Schema to support dynamic properties Schema to support dynamic properties database database

Schema to support dynamic properties


You are implementing something called Entity-Attribute-Value model http://en.wikipedia.org/wiki/Entity-attribute-value_model.

Lots of folks will say it's a bad idea (usually I am one of those) because the answer to your last question, "What would the SQL for fetching..." tends to be "thick hairy and nasty, and gettting worse."

These criticisms tend to hold once you allow users to start nesting objects inside of other objects, if you do not allow that, the situation will remain manageable.
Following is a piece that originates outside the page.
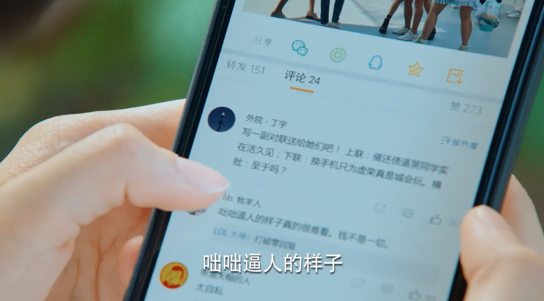 比如,剧里的围观群众就迅速把小果和王薇对峙的视频上传到微博。

For your first question, "what would the "type" column of the prop_defs table hold", everything will be simpler if you have a table of types and descriptions that holds {"numeric","Any Number"}, {"textual","String"}, etc. The first value is the primary key. Then in prop_defs your column "type" is a foreign key to that table and holds values "numeric", "textual", etc. Some will tell you incorrectly to always use integer keys because they JOIN faster, but if you use the values "numeric", "textual" etc. you don't have to JOIN and the fastest JOIN is the one you don't do.

The query to grab a single value will have a CASE statement:

SELECT case when pd.type = "numeric" then pv.numeric            when pd.type = "textual" then pv.textual            when pd.type = "boolean" then pv.boolean  from prov_vals pv   JOIN prop_defs pd ON pv.prop_def_id = pv.id WHERE pv.object_id = 2   AND pd.name = "Name"


You must accept that relational databases are not good at providing this kind of functionality. They CAN provide it, but are not good at it. (I hope I'm wrong). Relational databases lend themselves better to defined interfaces, not changing interfaces.

--EAV tables give dynamic fields but suck on performance. Sucks on indexing. And it is complex to query. It gets the job done in many situations, but can fall apart on big tables with lots of users hitting the system.

--"Regular" tables with several place holder columns are OK for performance, but you get non-descriptive column names and are limited in the number of columns you can "add". Also it does not support sub-type separation.

--Typically you create/modify tables at development time, not run time. Should we really discriminate against modifying the database at run time? maybe, maybe not. Creating new tables, foreign keys, and columns at run-time can achieve true dynamic objects, while giving the performance benefits of "regular" tables. But you would have to query the schema of the database, then dynamically generate all of your queries. That would suck. It would totally break the concept of tables as an interface.